One of the flaws of the Omaha music scene is how it segregates itself from itself. Go to a blues show at Shag and you'll see a completely different crowd than you'd see at an indie show at O'Leaver's or a play at The Blue Barn or a metal show at Shea Riley's or a hip-hop show at Sokol or a Dixie Chicks concert at The Qwest Center. We don't hate each other, we just don't understand each other very well, nor do we want to. People in this city know what they like -- and what they don't like -- and are more than happy to leave it at that. Any effort to at least try to expose people to something alien to their every-day existence is an achievement in my book, even if, afterward, everyone goes back to their private little corners. At least for one night they shared the same auditorium and maybe even heard something that they wouldn't have heard otherwise.

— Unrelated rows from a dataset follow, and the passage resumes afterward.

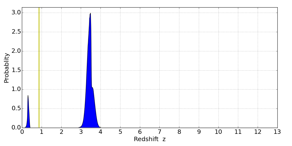 Best viewed in a wide browser window (1200 pixels or more). Download SED & P(z) plots to view larger versions.
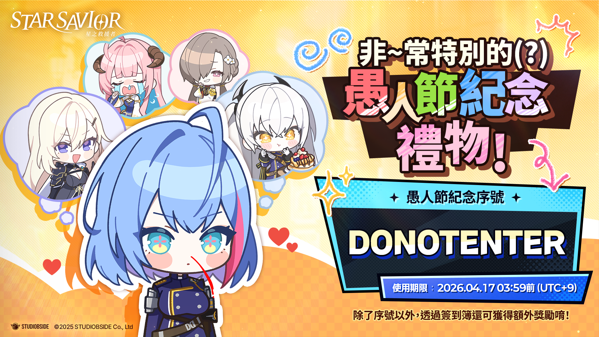 星辰寄宿的救援者育成物語,星之救援者。各位團長好!我是你們的聯絡官,GM 麗莎。團長!你知道今天是什麼日子嗎?為了團長,我們準備了一個可以獲得特別禮物的驚喜活動!雖然是愚人節,但我們對團長的心意可是認真的唷~ ????詳細活動內容請務必查看下方說明!Event 1. 協助特別(?)旅程的全新阿爾克那驚喜登場!只為團長準備的特別(?)阿爾克那——將於4月1日(三) 04:00 (UTC+9)登場!請於指定時間透過以下途徑確認:- 遊戲登入 > 主大廳下方【HOT&NEW】>【愚人節簽到活動】啊~還有! 該阿爾克那的突破任務將於4月2日更新後開放,敬啟期待唷!Event 2. 絕對不要輸入!絕對!我…我已經警告過您了!!絕~~對不要輸入喔!!??✨ 優惠碼 DONOTENTER✨ 優惠碼有效期間- 兌換至 2026/04/17(五) 04:00 (UTC+9) 前截止✨ 兌換方式- 登入遊戲後,點擊右上角【選單】 → 【設定】 → 【帳號管理】 → 【輸入優惠碼】- 於彈出視窗輸入序號後,點擊【確認】即可領取✨ 注意事項- 活動期間每個帳號僅限兌換一次優惠碼。- 獎勵道具將透過遊戲內信件發送。- 郵件自領取日起保留14天,請務必於期限內領取。感謝團長們的喜愛與支持《星之救援者》營運團隊
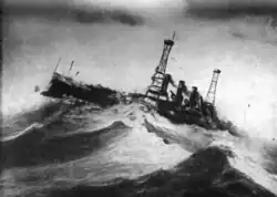 Vermont in heavy seas, probably during the cruise of the Great White Fleet
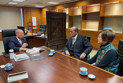 中華文化藝術總院院長、中華學術文教基金會董事長高崇雲講座教授偕同基金會王海倫執行長於元月2日上午10:30專程前往台灣商業聯合總會拜會張平沼總會長,受到張總會長及吳宥霖秘書長等商業領導熱烈的歡迎。高總院長首先表示對張總會長的敬佩之意,他說:「張總會長曾經擔任過教師、法官、立法委員及中華民國商業同業公會理事長,對國家的建設與發展以及兩岸暨國際的交流有重大的貢獻,是海內外全球華人均讚嘆的企業暨政界大老,非常值得各界肯定與尊敬」。
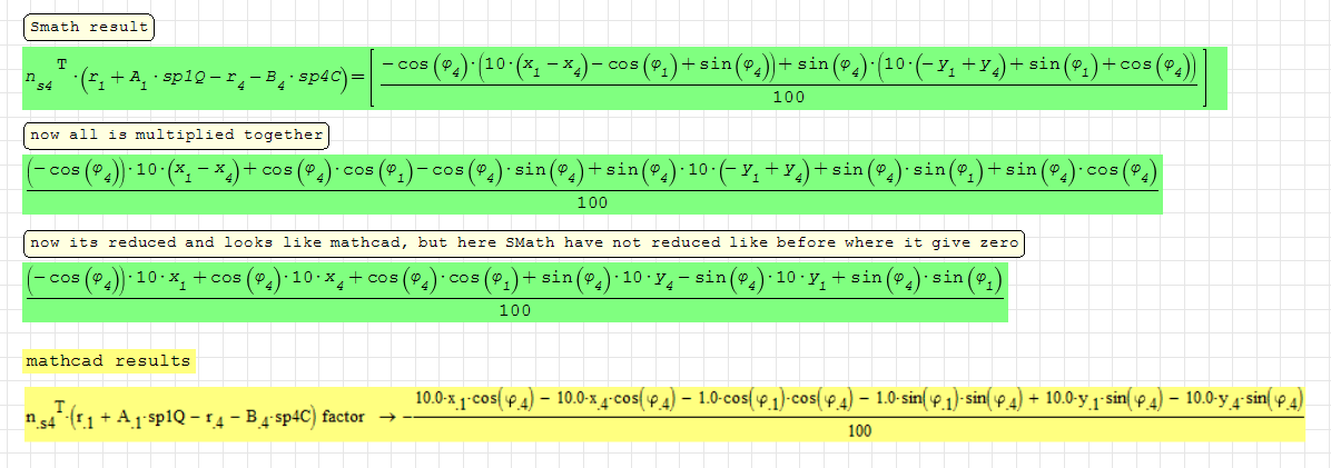 I reduce it myself, when i expand theupper equation, show as number 2, i can reduce it because like before som gave zero, but here they dont be reduced by SMath, and the last of the green is reduced equation and give the same as mathcad. I dont expect you to solve or try this of i only ask because i find some differences i need to find out why, (and offcause it can be easier to have the script to look. i do that another time), and i look at this and thx :-)
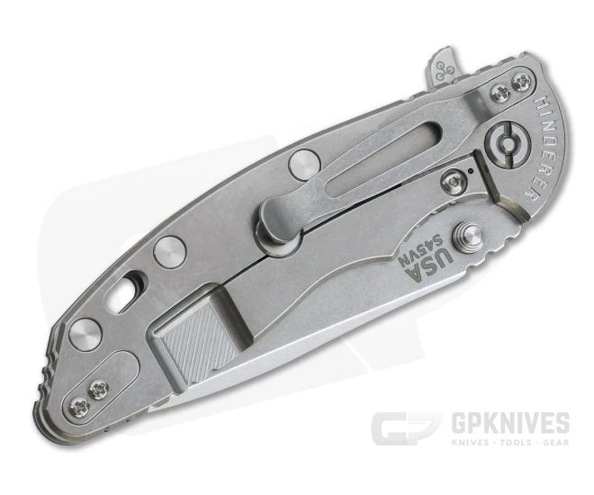 Handle:Â Full titanium frame lock and liner have a stonewashed finish that is rugged and hides wear well while still having a striking visual appeal. Satin Hardware and standoffs create one solid package while a 3D textured G10 scale coupled with strategically placed jimping provides a solid grip. A blade choil allows for a more forward grip for controlled work. Additional features include the Hinderer Lockbar Stabilizer, titanium clip insert and customizable modular design.
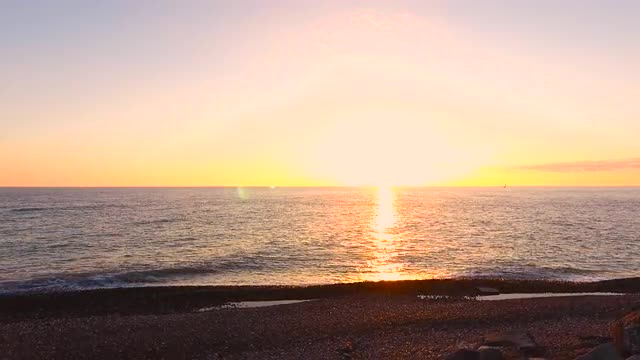 > Aerial View. Flying above the sandy beach stone sea at sunset. Sochi Adler olympiad. Aerial drone sh
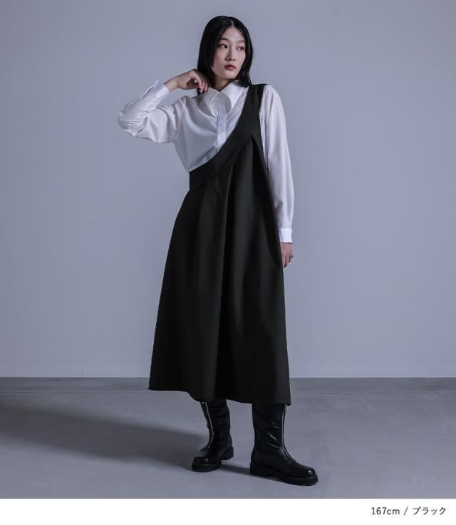 ■デザイン ゆるっと着られるワンショルダーデザインのスカート。太めの肩紐がモードな印象をプラスします。タックをしっかり取り、表情のあるシルエットに仕上げました。 ■素材 さらりとした肌触りで落ち感のある、キレイめな印象のポリエステル生地。程良い厚みで、ロングシーズンご着用いただけます。 ■コーディネート インにシンプルなトップスを合わせるだけでワンショルダーが引き立ち、モードな雰囲気に。無地なので柄物やデザインもののアイテムとも好相性な、着回し優秀なアイテムです。 |
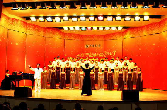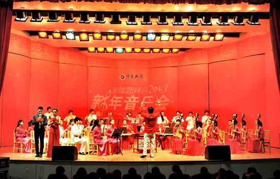 【宁夏大学新闻中心讯 黄二宁/图黄二宁、胡玥/文】 龙去神威犹在,蛇来春意浓浓。12月29日下午,宁夏大学新年团拜会暨新年音乐会在音乐厅隆重举行。校党政领导,各部门党政主要负责人,民主党派、政协委员、无党派人士代表,优秀教师和学生代表近500余人参加团拜会并共同欣赏了这场音乐盛宴。
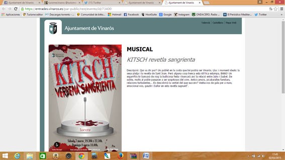 El sistema es similar al de cualquier punto de venta de entradas por Internet. Los ciudadanos deberán acceder a la web municipal, www.vinaros.es, y en la pestaña de Venta de Entradas seleccionar el espectáculo, la hora de la función, su butaca y realizar el pago mediante una tarjeta de crédito o débito. El sistema puesto en marcha hoy ya permite adquirir las entradas para el festival de Locura aunque Gandía señala que “desde ahora, y este mismo sistema, lo utilizaremos para la venta de los tickets de las paellas en la ermita, las verbenas de Sant Joan i Sant Pere, la festa del Llagostí, etc".
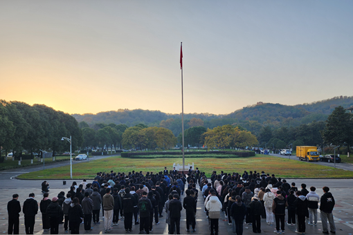 晨曦初照,学子们在滨江楼南广场整齐肃立。伴随着《义勇军进行曲》的铿锵旋律,国护队成员迈着坚定步伐走向升旗台,将鲜艳的五星红旗缓缓升起。雄壮的国歌响彻广场,激荡着学子们的爱国热忱和民族自豪感。全场肃立,目光坚定,凝望着那一抹鲜红在晨光中迎风飘扬。
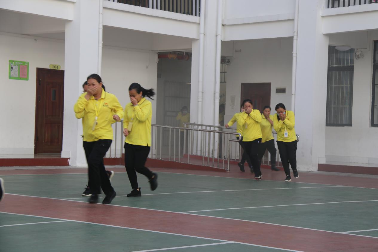 參訓(xùn)人員在模擬火災(zāi)演練中有序進(jìn)行逃生

So, was it worth it? Yeah, even with all the flaws that comes with any first-annual event. It was too long (What awards show isn't?), the sound wasn't quite right, some of the theater people left after their awards had been handed out. There was the problem with the music categorization, specifically jazz and R&B/funk, where the winner was one of the evening's few performers to take home more than one crystal trophy, The Jazzwholes.
The problem, of course, was that The Jazzwholes aren't exactly known for their jazz, R&B or funk chops. They're an alt-pop rock band with a horn section that also happens to have one of the largest followings in the city, thanks to regular Sunday night gigs at Shag (and before Shag, The Goofy Foot Lodge). No one's arguing that The Jazzwholes aren't a talented bunch of guys, but the best jazz band in Omaha?
The error undermined the entire reason for the evening -- to honor the best and brightest of Omaha's music scene in their respective categories. For the OEAs to grow into a respected platform for recognition, the organizers must find a way to guarantee that it doesn't happen again. Someone with some music knowledge has to draw a line and throw out bands that don't belong, or else the whole thing becomes embarrassing both for the misnominated bands and for the Academy who votes for them (of which, I am a member).
Next year, I'm told, this will be fixed, along with the other glitches. In their place will be new ones. But hey, it's all in good fun, right? Now if we can only get those guys at O'Leaver's to lighten up, put on a dinner jacket and join the rest of us, at least for one night.